Showing posts with label Paul Acampora. Show all posts
Showing posts with label Paul Acampora. Show all posts

Sunday, September 10, 2006

One Writer's Process: Paul Acampora

Paul Acampora's first novel, Defining Dulcie, which earned starred reviews in Publisher's Weekly, School Library Journal, and Booklist, has been described as quirky, heart-warming, hilarious, and well-crafted. It’s all of that... and more.

My own admiration for Acampora's work began when I found his story, "No More Birds Will Die Today," in the short story collection, Every Man For Himself. It’s a story that he has described as the "runt of the litter" because it makes its appearance with stories written by winners of the kind of prestigious awards (Newbury, Michael L. Printz, Coretta Scott King, etc.) that no doubt Acampora's work will be nominated for one day.

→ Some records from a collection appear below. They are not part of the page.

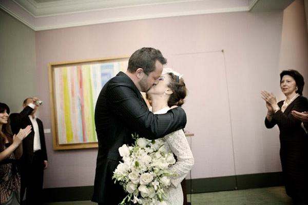 ¿Quién dijo que casarse en un juzgado no era romántico? Viendo las fotos de la boda de Nicole y Anthony seguro que cambiáis de idea. Los novios quisieron una boda sencilla, con pocos invitados, tan solo la familia y los amigos más allegados. Habiendo Amor, quizás lo que menos les interesaba era la ceremonia, así que decidieron casarse en una sala del Ayuntamiento de Nueva York en una boda elegante, sencilla y discreta. El estilo retro que inspira las fotografías viene remarcado por el vestido y el tocado de la novia, así como por el impresionante coche de época, también de su propiedad. Fijaos en el tacón de los zapatos y en el largo, o mejor el corto, del vestido, una combinación perfecta que, junto con el velo birdcage pone el punto chic al estilismo de Nicole. Tras la ceremonia, el puente de Brooklyn y sus alrededores se convirtieron en el escenario perfecto para el reportaje fotográfico posterior. Y una vez acabada la sesión de fotos, finalizaron el enlace con un sencillo brunch de mediodía. Como anécdota curiosa y, realmente algo increíble, os diré que la novia compró su vestido la noche antes de la boda. Se arriesgó pero acertó, ¿no creéis?
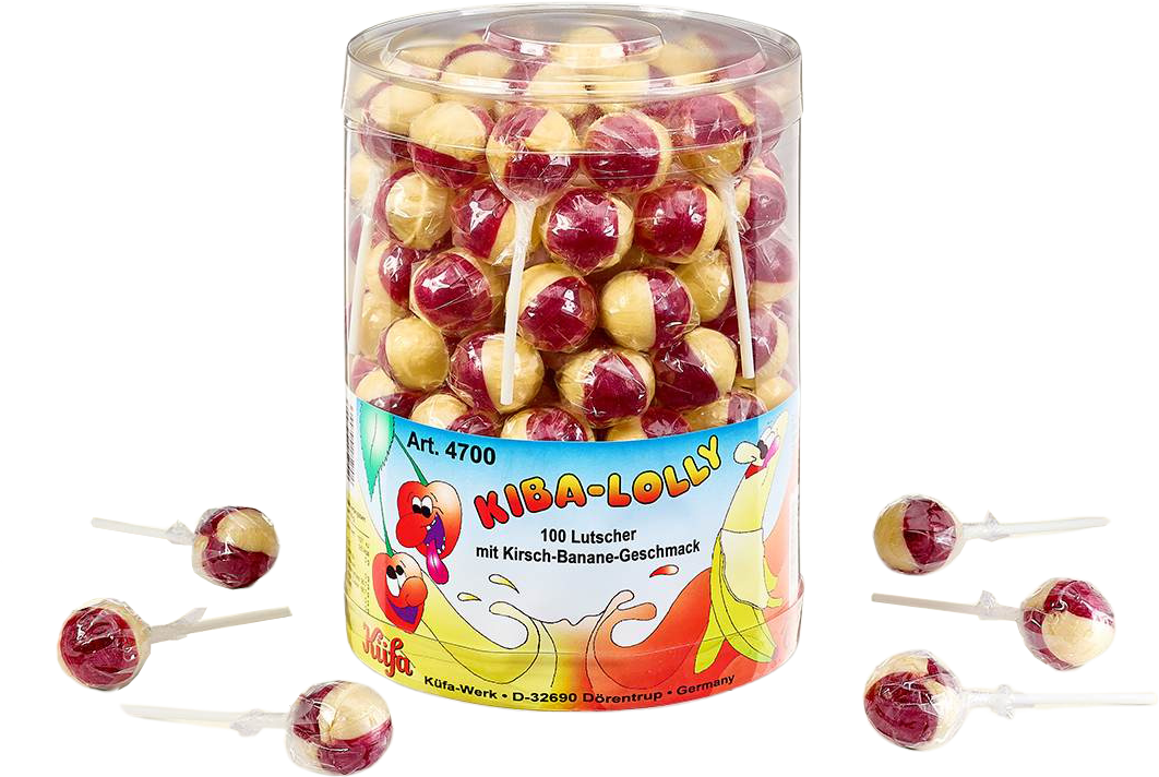 Küfa KiBa-Lolly Lutscher mit Kirsch-Banane-Geschmack in 100er Dose
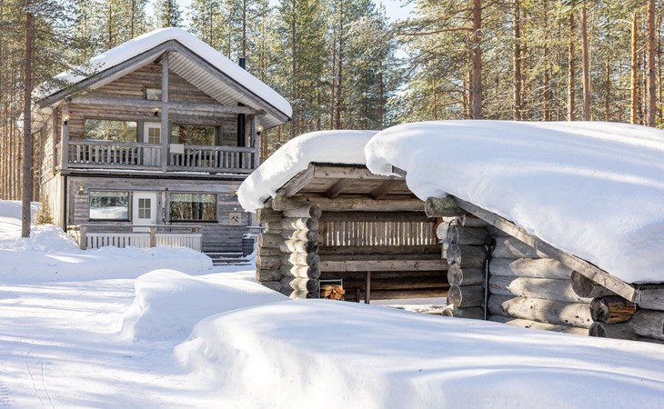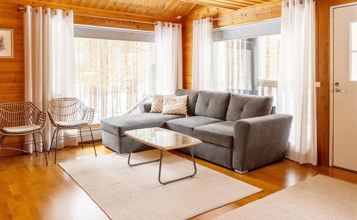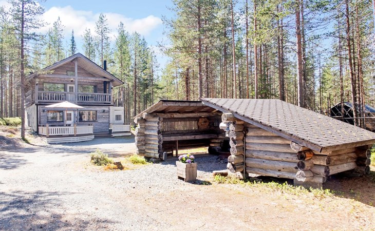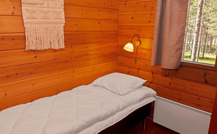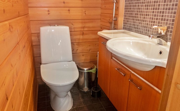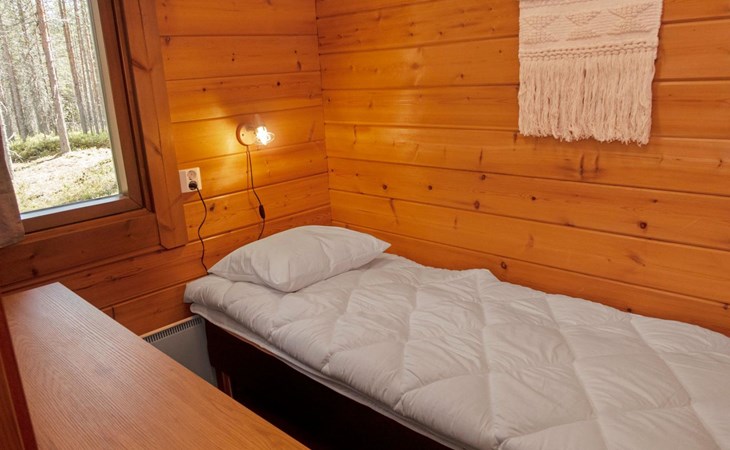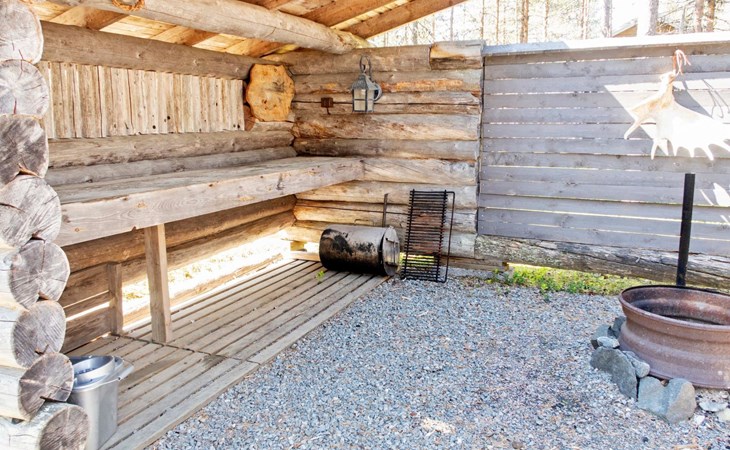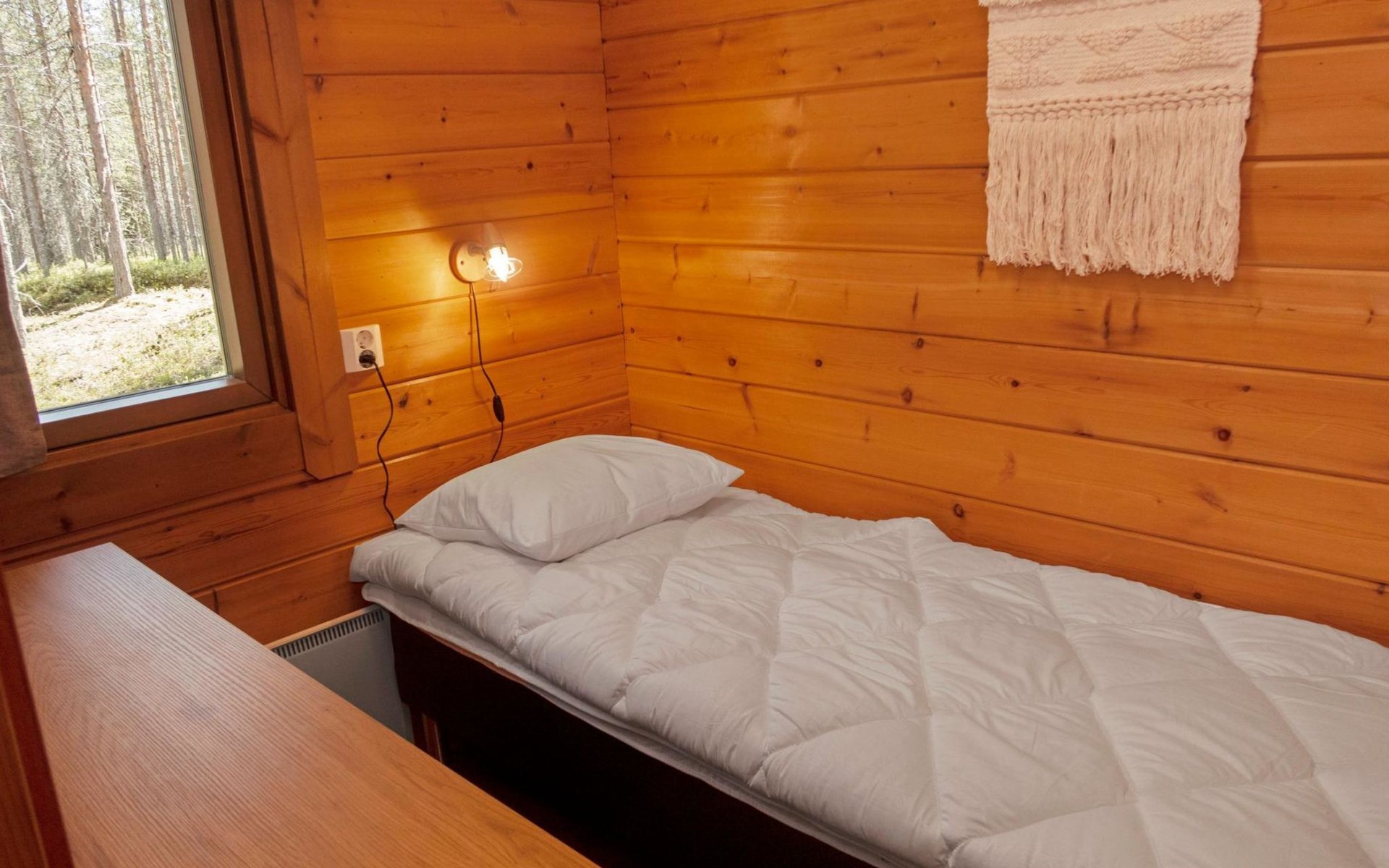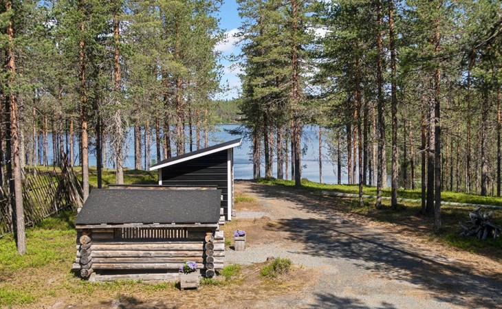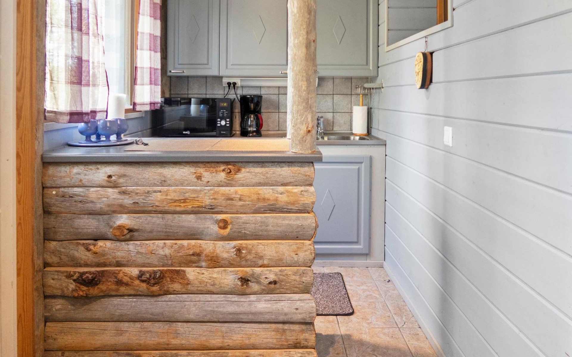 Lower floor: 2 single beds in the sleeping alcove, sofa bed in the fireplace room. Mini kitchen and electric sauna (renovated in 2024) + toilet.

Not only is Paul a remarkable writer, but he's a thoughtful and generous person who was kind enough to take the time to share some of his insights into the mystery of the writing process with Wordswimmer.

My writing process probably looks terribly disjointed looking from the outside in. With work, family, etc, I’m rarely able to follow the same regimen two days in a row. For that reason, I set a lot of small goals. I always try to produce 2 pages of something every day. This week I hope to spend at least 4 hours working on my current manuscript. During that time, I need to complete one new chapter and also smooth out transitions between a couple scenes that are bugging me. I think my writing process looks like the work plan of someone who is very quietly trying to build a house at night without a flashlight.

In between the times that I actually sit in a chair with a manuscript in front of me, I take a lot of notes on index cards and scraps as well as in my trusty composition book. In this way, I’m sort of writing all the time. Also, when I have time to actually focus on story writing, I don’t have to come to the page empty-headed. That said, a sense of empty-headedness is not necessarily a bad thing. From there, in a sort of beginner’s mind – which is a very easy place for me to be at this stage of my writing career – there’s freedom to do almost anything.

My favorite thing to write is dialogue. The rhythm of language – especially during the telling of a good story – tells so much about a person and about a situation. Later I go back and fill in physical details. I try to follow the “show, don’t tell rule.” For me, that means writing scenes of characters talking and acting in some interesting way. I’d much rather write scenes like those than write long passages describing thoughts and emotions. Later, I’ll string these rough scenes together in different patterns and arrangements, sort of like beads on a string. Once again, I go back later and try to build natural transitions between scenes.

I used to think that I was supposed to write stories according to a chart I recall from high school. In the correct order, I thought I should write exposition, then introduce an inciting incident, define some conflict, bring in complications and obstacles, throw in some discoveries & reversals, have a nice big epiphany/climax, ride down the slope of falling action and land inside a believable resolution and satisfying denouement. Also, I thought I was supposed to write page 1, then page 2, then page 3, etc… finally I’d type THE END in all caps. But that’s not what I do at all. Instead, I think I write all the fun stuff first and then go back and try to make it look like a story later. It’s not until the final rewrites and revisions that I want to really think hard about that chart.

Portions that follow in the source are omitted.